Implementation:Triton inference server Server GenQaSequenceModels
| Knowledge Sources | |
|---|---|
| Domains | Testing, Model_Generation |
| Last Updated | 2026-02-13 17:00 GMT |
Overview
Generates sequence batching test models that accumulate values across inference steps within a sequence.
Description
The `gen_qa_sequence_models.py` script produces models configured with Triton's sequence batcher, which groups inference requests by sequence ID and routes them to the same model instance. The generated models accept a value input along with sequence control signals (start, end, ready, correlation ID) and accumulate the input values across the sequence, enabling tests to verify that Triton correctly maintains per-sequence state. Models are generated for TensorRT, ONNX, TensorFlow, TorchScript, and OpenVINO backends, each implementing the accumulation logic natively.
Usage
Execute this script to create sequence batcher test models before running QA tests that validate sequence batching behavior, including sequence routing, timeout handling, and state management.
Code Reference
Source Location
- Repository: Triton Inference Server
- File: qa/common/gen_qa_sequence_models.py
- Lines: 1-1238
Signature
def create_onnx_modelfile(models_dir, model_version, max_batch, dtype, shape): ...

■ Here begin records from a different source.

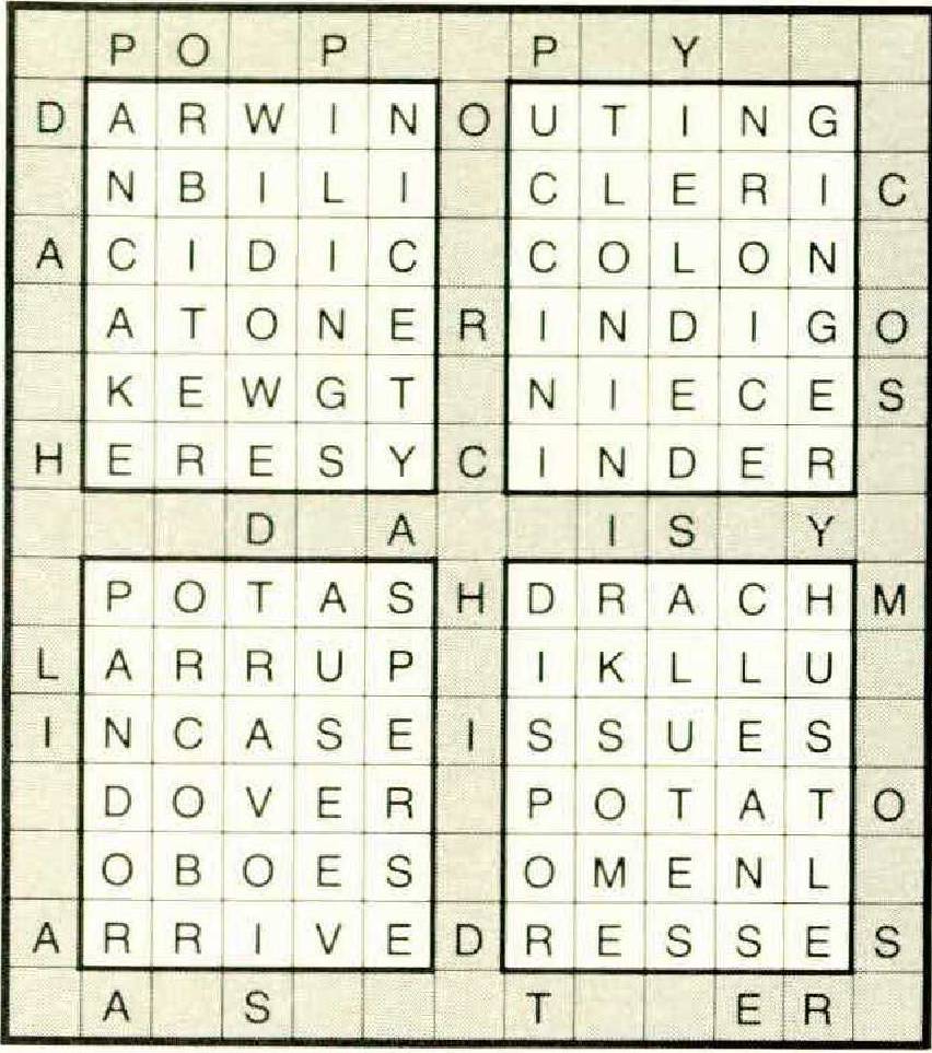 NH. 1. DARWIN (hidden) 2. A(C)ID-IC 3. ATONER 4. HER-ESY (yes anag.) 5. PANC(A-K)E (pecan anag.) 6.OR-BITER 7. W(ID)OWED 8. PI(L-IN)G’S 9. N(ICE-T) NE. l.(r)OUTING 2.CLERIC (anag.) 3.COL-ON 4. IN-DIG-O 5.NIECES (anag.) 6.CI(N)DER 7. p(U)CCINI (anag. + u) 8.YIELDE-D (anag. + d) 9.GIN-GERY (grey anag.) SW. 1. POTASH (anag.) 2.L-A-RR-UP 3.IN CAS-E 4. D-OVER 5.O-BOES (homoph) 6. ARRIVE (rr for / in alive 7.PAND(OR)A 8.TRAV(O)IS 9, A-S-PER-SE SE. 1. DRACH-M (anag. + m) 2. I-SSUES (rev.) 3. POT-AT-O 4. DR-ESSES 5. DIS-PORT (Sid rev.) 6. I(R)KSOME (anag. + r) 7.SA(L)UTES 8. C-LEA(N)SE 9. HUSTLER (anag. minus s)
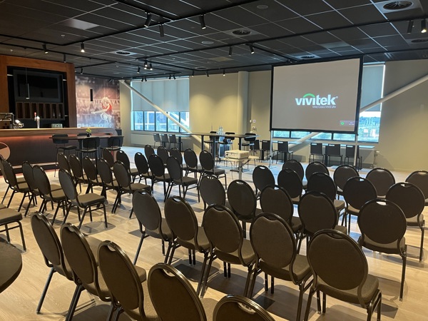 Een intieme ruimte, inclusief bar, audiovisuele ondersteuning en prachtig uitzicht op het hoofdveld.Lees meer
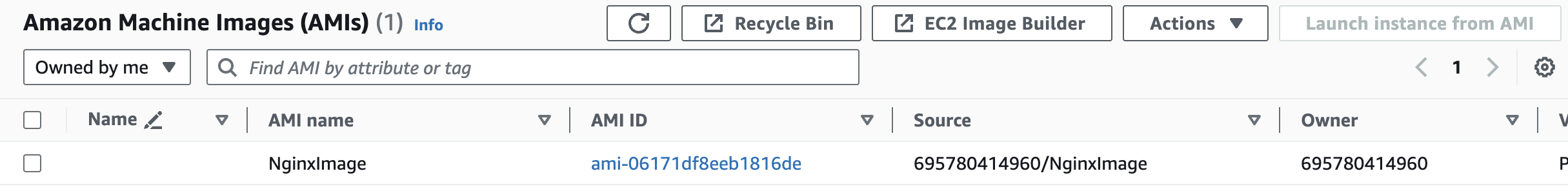 3. Now that the instance has been launched with the Nginx web server, I should be able to make an AMI out of it.
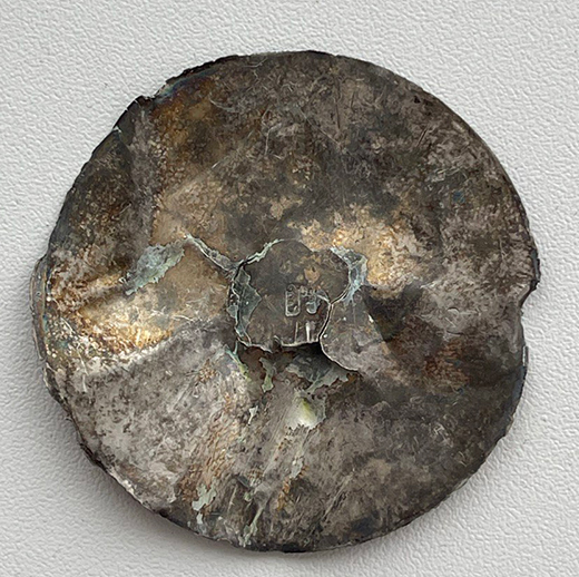 Помогите определить находку, похожа на накладку. Тонкая. Вес 3.47 метал хз, но не медь. -------------------- Огромная просьба после выигрыша торгов связываться со мною в личке...

def create_tf_modelfile(models_dir, model_version, max_batch, dtype, shape): ...
def create_plan_modelfile(models_dir, model_version, max_batch, dtype, shape): ...
def create_openvino_modelfile(models_dir, model_version, max_batch, dtype, shape): ...
def create_libtorch_modelfile(models_dir, model_version, max_batch, dtype, shape): ...
def create_modelconfig(models_dir, model_name, max_batch, dtype, shape): ...
def create_models(models_dir, dtype, shape, no_batch=True): ...
Import
# Typically run as a standalone script
python qa/common/gen_qa_sequence_models.py --models_dir /tmp/models
I/O Contract
Inputs
| Name | Type | Required | Description |
|---|---|---|---|
| models_dir | string | Yes | Output directory for generated model repository |
| dtype | string | No | Data type for model tensors (e.g., int32, fp32) |
| shape | list[int] | No | Tensor shape for model inputs and outputs |
| no_batch | bool | No | Whether to also generate no-batch model variants |
Outputs
| Name | Type | Description |
|---|---|---|
| model_repository | directory | Model directories with sequence batcher configurations |
| config.pbtxt | file | Model configuration with sequence_batching control inputs and states |
| model files | file | Backend-specific model files implementing value accumulation across sequences |
Usage Examples
Generate Sequence Models
python qa/common/gen_qa_sequence_models.py \
--models_dir /tmp/sequence_models
Use with Triton Server
MODELS_DIR="/opt/triton_qa/sequence_models"
python qa/common/gen_qa_sequence_models.py --models_dir $MODELS_DIR
tritonserver --model-repository=$MODELS_DIR &
python -m pytest test_sequence_batcher.py